PROBLEM TO WORK ON
Each line in the records below, from the one that contains "師傅代表王海玲在表態(tài" to the one that contains "Makinaların Vardiya Amiri, Operatör, Vardiya", should be reproduced exactly, the first and last included.

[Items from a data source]
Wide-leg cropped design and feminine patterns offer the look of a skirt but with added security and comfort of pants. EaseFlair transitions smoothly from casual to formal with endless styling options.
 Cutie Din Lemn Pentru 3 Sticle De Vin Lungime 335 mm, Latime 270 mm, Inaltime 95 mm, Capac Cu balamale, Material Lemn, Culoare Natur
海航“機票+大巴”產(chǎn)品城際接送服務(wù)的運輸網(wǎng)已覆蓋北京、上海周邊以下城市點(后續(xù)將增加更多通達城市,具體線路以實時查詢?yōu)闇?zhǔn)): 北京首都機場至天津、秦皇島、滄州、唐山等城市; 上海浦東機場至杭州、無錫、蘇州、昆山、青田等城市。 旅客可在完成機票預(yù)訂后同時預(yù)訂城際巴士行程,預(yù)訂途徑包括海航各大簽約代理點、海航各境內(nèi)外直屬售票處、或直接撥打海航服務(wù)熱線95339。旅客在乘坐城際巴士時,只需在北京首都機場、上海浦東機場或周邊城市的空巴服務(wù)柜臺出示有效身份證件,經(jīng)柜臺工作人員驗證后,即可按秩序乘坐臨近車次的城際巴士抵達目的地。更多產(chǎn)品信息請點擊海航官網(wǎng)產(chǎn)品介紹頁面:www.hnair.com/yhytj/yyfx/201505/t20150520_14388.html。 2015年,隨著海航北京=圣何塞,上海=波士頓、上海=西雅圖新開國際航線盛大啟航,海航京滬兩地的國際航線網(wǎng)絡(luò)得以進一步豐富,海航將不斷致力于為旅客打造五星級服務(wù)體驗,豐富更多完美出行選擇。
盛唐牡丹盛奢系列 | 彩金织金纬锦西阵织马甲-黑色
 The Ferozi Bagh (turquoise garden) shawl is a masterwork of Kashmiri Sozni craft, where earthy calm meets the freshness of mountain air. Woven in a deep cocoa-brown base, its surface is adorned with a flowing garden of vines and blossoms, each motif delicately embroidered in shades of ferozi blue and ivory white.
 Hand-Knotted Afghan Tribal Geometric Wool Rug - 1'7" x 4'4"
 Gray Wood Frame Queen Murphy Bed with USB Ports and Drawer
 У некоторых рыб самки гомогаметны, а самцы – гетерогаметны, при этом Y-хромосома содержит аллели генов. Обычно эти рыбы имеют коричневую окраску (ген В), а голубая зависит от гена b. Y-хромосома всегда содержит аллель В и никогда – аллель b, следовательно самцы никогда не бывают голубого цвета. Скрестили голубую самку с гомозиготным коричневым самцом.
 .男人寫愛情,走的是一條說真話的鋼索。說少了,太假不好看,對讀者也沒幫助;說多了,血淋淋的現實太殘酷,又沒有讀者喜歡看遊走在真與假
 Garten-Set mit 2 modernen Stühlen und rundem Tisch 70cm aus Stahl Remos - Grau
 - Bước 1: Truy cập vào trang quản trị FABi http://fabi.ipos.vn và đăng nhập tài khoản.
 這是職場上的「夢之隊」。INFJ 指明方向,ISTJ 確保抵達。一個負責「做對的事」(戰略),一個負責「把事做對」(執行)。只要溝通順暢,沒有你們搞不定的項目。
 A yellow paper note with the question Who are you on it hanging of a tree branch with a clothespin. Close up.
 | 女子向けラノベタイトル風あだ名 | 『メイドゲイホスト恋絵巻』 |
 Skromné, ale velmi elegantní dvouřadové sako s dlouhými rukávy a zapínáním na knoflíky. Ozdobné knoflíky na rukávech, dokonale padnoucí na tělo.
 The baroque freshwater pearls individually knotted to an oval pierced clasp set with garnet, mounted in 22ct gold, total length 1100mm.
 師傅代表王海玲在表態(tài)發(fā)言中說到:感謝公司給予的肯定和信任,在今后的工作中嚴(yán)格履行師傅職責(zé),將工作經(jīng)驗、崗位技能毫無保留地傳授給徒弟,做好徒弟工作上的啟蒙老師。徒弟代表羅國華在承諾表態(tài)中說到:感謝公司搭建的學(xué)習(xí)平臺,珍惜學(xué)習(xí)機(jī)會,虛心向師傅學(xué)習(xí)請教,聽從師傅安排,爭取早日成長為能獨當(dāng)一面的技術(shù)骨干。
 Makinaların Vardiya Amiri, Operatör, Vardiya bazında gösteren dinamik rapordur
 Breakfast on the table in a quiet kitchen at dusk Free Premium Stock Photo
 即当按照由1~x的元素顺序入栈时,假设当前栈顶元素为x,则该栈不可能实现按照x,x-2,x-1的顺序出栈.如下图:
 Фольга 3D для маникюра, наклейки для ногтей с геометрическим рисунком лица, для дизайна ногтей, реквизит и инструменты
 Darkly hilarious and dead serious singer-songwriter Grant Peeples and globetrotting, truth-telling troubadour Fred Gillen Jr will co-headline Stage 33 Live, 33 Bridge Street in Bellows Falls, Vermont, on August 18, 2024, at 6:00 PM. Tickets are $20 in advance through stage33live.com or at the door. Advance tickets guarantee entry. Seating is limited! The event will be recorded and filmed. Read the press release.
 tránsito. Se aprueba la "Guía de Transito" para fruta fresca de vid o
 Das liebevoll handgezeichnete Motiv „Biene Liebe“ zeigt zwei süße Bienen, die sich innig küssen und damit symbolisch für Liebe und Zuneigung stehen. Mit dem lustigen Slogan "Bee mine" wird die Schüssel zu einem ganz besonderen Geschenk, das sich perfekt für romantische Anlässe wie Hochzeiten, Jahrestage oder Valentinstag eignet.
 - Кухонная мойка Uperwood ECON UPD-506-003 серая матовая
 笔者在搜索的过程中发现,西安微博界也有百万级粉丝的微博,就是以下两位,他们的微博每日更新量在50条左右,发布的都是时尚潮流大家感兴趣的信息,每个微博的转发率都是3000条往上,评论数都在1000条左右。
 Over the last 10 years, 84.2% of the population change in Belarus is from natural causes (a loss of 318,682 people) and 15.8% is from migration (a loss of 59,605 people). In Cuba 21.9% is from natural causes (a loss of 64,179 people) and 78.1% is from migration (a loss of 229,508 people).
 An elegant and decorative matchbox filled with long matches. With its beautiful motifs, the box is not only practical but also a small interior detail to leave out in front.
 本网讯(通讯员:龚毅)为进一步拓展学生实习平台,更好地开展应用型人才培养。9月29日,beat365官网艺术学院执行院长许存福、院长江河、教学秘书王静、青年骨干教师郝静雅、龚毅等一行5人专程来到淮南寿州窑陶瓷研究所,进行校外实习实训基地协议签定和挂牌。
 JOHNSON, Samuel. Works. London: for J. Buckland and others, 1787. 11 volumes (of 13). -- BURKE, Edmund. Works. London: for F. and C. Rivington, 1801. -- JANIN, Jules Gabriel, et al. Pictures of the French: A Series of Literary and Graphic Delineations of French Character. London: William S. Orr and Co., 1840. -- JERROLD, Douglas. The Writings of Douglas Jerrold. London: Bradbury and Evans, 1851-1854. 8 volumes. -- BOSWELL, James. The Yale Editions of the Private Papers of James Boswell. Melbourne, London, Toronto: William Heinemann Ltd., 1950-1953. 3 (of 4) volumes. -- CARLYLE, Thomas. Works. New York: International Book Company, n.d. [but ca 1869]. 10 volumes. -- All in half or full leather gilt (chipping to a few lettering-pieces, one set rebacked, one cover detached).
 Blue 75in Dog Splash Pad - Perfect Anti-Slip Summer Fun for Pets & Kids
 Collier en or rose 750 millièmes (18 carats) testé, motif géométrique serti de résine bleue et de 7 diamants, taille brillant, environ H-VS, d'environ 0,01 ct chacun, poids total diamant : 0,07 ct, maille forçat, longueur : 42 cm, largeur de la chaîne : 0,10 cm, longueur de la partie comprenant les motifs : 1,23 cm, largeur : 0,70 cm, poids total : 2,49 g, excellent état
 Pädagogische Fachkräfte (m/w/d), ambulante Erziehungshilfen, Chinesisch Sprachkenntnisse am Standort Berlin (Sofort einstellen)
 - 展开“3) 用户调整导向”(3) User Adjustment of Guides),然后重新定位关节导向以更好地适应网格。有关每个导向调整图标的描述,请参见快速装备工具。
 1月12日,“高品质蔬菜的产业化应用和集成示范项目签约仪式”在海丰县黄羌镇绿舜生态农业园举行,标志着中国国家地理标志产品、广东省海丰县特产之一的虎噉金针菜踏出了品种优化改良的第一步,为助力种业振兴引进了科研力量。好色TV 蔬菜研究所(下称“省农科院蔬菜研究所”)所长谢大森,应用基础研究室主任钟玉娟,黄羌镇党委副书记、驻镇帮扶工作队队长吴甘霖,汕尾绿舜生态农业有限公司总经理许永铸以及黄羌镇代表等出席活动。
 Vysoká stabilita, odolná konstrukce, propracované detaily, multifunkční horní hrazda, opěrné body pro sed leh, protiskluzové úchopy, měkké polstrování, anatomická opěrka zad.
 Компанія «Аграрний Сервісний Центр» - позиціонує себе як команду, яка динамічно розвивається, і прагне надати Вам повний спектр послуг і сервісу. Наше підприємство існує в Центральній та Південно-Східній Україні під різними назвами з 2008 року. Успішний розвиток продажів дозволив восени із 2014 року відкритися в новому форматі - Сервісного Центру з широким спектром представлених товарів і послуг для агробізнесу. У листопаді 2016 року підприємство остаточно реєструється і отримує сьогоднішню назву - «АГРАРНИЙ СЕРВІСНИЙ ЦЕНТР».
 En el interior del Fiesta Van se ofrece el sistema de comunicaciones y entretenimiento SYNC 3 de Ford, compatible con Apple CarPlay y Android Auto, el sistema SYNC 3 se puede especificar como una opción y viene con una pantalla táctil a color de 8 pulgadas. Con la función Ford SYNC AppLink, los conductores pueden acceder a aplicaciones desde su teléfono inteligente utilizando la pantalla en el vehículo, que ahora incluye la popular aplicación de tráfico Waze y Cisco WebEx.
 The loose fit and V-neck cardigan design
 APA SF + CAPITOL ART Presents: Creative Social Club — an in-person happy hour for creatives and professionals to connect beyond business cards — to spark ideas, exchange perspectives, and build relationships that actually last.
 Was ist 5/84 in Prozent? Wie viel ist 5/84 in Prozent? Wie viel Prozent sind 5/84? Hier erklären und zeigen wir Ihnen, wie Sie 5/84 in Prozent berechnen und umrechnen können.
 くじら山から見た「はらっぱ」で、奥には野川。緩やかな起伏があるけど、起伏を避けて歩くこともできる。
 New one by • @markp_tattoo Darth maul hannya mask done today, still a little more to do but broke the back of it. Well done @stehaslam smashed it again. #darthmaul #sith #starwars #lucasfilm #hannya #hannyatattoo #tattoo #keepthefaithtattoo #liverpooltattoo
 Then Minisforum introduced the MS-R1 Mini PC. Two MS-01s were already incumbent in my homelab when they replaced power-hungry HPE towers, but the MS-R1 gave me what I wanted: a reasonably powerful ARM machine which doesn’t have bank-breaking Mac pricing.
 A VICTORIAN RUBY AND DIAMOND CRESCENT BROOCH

SOLUTION TO THE PROBLEM
 師傅代表王海玲在表態(tài)發(fā)言中說到:感謝公司給予的肯定和信任,在今后的工作中嚴(yán)格履行師傅職責(zé),將工作經(jīng)驗、崗位技能毫無保留地傳授給徒弟,做好徒弟工作上的啟蒙老師。徒弟代表羅國華在承諾表態(tài)中說到:感謝公司搭建的學(xué)習(xí)平臺,珍惜學(xué)習(xí)機(jī)會,虛心向師傅學(xué)習(xí)請教,聽從師傅安排,爭取早日成長為能獨當(dāng)一面的技術(shù)骨干。
 Makinaların Vardiya Amiri, Operatör, Vardiya bazında gösteren dinamik rapordur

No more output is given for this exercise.